L’annonce de l’arrivée de 150 soudeurs thaïlandais payés 200 euros par mois pour travailler sur le chantier de l’extension de la centrale thermique de Gol, à Saint-Louis, dans le sud de l’île de LaRéunion, a provoqué un véritable tollé.

Plusieurs dizaines de militants du mouvement des chômeurs "Agi pour nou tout", ont manifesté le 15 avril devant le chantier pour dénoncer l’attitude scandaleuse d’Ansaldo, l’entreprise italienne retenue pour ce marché, qui a décidé d’employer des ouvriers payés avec des salaires honteux, ce qu’elle n’aurait pas pu imposer à des soudeurs réunionnais. Selon la Direction du travail, les soudeurs réunionnais au chômage seraient au nombre de 650. Et dans le sud de l’île, où se trouve le chantier, 45% de la population en âge de travailler ne trouve aucun emploi. C’est dire que cette affaire choque fortement de nombreux travailleurs, indignés par les agissements scandaleux de ces patrons, aussi bien envers les ouvriers thaïlandais que réunionnais.

Ansaldo intervient sur tous les continents pour installer des chaudières, entre autres choses. Ici, elle a sous-traité le travail à l’entreprise Emco qui explique que l’appel d’offres ne spécifiait pas qu’elle se devait d’embaucher de la main-d’œuvre locale. Et son représentant ajoute : "Pourquoi les ouvriers thaïlandais ? Tout simplement parce qu’ils possèdent la qualification professionnelle pour ce type de chantier (...) Les ouvriers thaïlandais sont des ouvriers fiables, dévoués, très professionnels. C’est une main-d’œuvre très peu onéreuse. On ne va tout de même pas aller chercher des soudeurs à Monaco ! Comme toute entreprise nous avons des critères de rentabilité". On ne peut être plus clair... et plus cynique !

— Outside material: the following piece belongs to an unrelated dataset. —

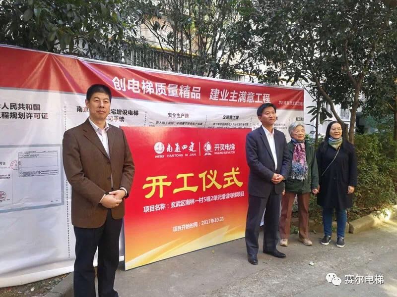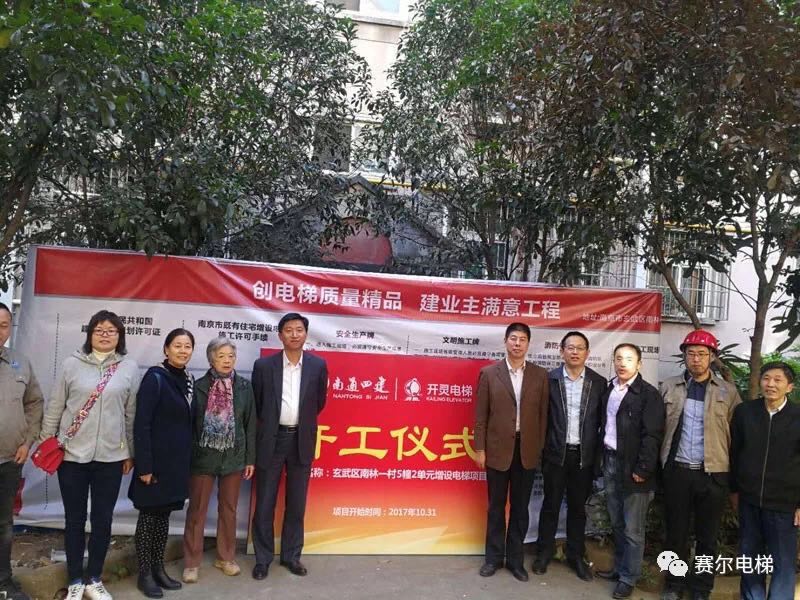 既有住宅加装电梯,是一个关乎民生但又可能众口难调的难题,这次首先在玄武区南林一村5幢2单元增设电梯,开灵电梯将为既有住宅量身定制四面观光电梯,以美观的外型将电梯与建筑融为一体,以通透的井道与轿厢设计实现观光的绝美视觉体验。开灵电梯将结合既有住宅的实际情况,以占地面积小、模块化生产、积木式安装时间短等优点,为既有宅在增设电梯解决了这个难题。开工仪式上,村主任竹主任、社区主任朱主任、南通四建南京分公司张主任、开灵电梯陆副总与居民们一起因电梯梦想成真而倍感喜悦。

Après l’annonce de l’embauche des ouvriers thaïlandais, nombre d’interventions ont eu lieu de la part des responsables de la Direction du travail et de l’emploi (DDTE) ou du préfet de région, des gens bien informés du dossier. Ce sont en fait tous ces responsables qui donnent leur aval à de tels appels d’offres et qui ensuite, lorsque le scandale est mis sur la place publique, font mine de s’indigner devant de telles pratiques salariales.

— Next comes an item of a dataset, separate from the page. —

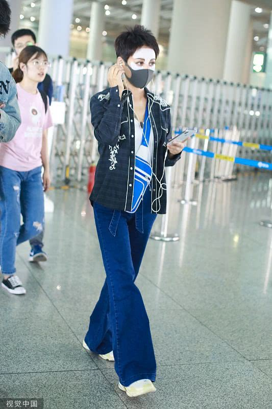 2019年6月19日,北京,寧靜現(xiàn)身機場。她穿敷面膜亮相短發(fā)干練個性灑脫,戴口罩對鏡揮手大方任拍。

La DDTE et la préfecture ont finalement déclaré qu’il n’était pas question de payer les ouvriers thaïlandais à 200 euros par mois et que, comme le stipule un article du Code du travail : "Tout salarié étranger exerçant sur le sol français bénéficie des dispositions législatives en vigueur." Et d’ajouter que ces ouvriers ne pourraient donc pas être payés en dessous du smic. Mais de là à vouloir imposer quoi que ce soit à Emco et à Ansaldo, il y a un pas que tous ces hypocrites ne franchiront pas forcément, à moins d’y être aidés par une forte réprobation publique.

Il faut aussi noter la démagogie raciste de certains élus de droite du sud de l’île qui, pour donner l’impression qu’ils agissent dans cette affaire, auraient selon le Journal de l’île du 14 avril, demandé aux hôtels et pensions de la place "de fermer la porte de leurs établissements aux indésirables thaïlandais".

Les travailleurs de la Réunion ne peuvent se laisser abuser par tous ces individus. Ils doivent dénoncer les agissement de ces patrons ainsi que de tous ceux qui les soutiennent et les aident. Il doivent aussi dans le même temps, dénoncer l’exploitation forcenée des travailleurs thaïlandais, en exigeant et en contrôlant que leur soit bien payé le tarif salarial en vigueur.